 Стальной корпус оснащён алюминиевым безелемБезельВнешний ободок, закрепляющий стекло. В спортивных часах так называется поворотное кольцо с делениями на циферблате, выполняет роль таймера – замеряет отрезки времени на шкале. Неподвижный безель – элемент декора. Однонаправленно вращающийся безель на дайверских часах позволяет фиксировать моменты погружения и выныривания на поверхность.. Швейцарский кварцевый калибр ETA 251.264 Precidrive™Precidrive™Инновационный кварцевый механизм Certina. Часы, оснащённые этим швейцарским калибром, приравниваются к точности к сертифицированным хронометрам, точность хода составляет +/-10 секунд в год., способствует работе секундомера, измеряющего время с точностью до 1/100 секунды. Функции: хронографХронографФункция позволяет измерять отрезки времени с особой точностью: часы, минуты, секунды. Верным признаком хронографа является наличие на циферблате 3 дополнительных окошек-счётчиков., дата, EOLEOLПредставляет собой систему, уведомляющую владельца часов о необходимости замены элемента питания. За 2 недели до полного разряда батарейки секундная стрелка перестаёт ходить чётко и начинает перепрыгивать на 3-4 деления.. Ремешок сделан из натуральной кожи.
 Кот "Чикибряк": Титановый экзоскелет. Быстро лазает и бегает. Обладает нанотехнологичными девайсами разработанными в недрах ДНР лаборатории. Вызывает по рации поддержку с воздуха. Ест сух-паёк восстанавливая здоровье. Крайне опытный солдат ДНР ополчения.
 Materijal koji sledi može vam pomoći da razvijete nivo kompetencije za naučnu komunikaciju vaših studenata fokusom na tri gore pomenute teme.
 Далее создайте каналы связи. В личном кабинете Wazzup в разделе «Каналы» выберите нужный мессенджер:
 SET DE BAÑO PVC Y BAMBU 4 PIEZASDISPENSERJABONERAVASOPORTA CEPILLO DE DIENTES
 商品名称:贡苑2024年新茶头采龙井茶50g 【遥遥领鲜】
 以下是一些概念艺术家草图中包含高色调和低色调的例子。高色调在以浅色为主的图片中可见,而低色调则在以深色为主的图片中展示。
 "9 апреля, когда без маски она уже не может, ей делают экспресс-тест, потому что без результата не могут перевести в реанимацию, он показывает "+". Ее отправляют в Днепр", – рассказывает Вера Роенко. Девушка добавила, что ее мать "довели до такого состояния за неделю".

--

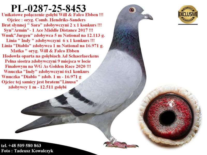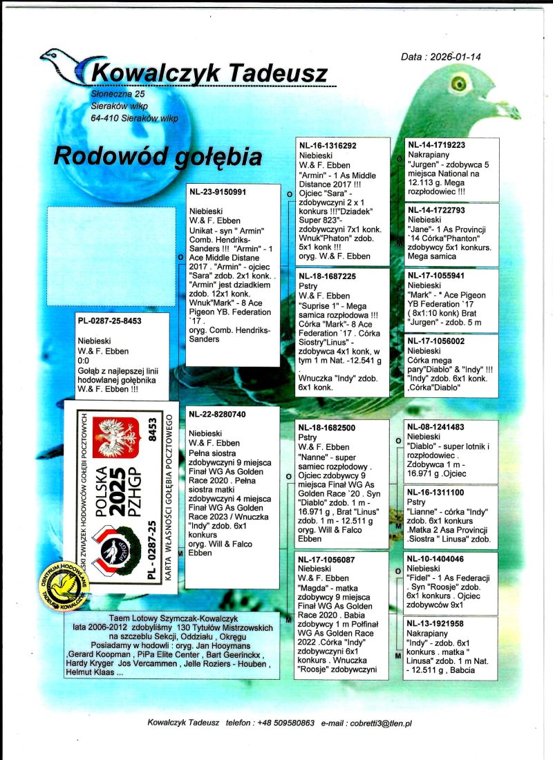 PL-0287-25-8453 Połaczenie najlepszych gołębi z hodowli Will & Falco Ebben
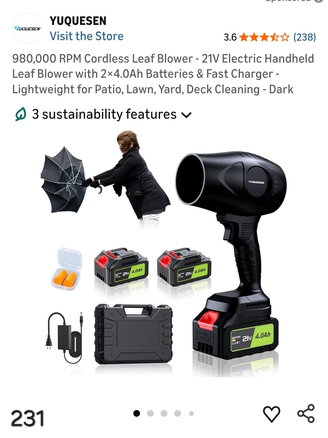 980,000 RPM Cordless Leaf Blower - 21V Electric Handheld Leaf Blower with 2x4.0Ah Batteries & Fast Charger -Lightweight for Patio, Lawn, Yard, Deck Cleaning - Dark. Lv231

● Action item
If a picture sits between the line containing "PL-0287-25-8453 Połaczenie najlepszych" and the line containing "980,000 RPM Cordless", leave it out, and return the lines of that range above exactly, both ends included.

● Answer area
 PL-0287-25-8453 Połaczenie najlepszych gołębi z hodowli Will & Falco Ebben
 980,000 RPM Cordless Leaf Blower - 21V Electric Handheld Leaf Blower with 2x4.0Ah Batteries & Fast Charger -Lightweight for Patio, Lawn, Yard, Deck Cleaning - Dark. Lv231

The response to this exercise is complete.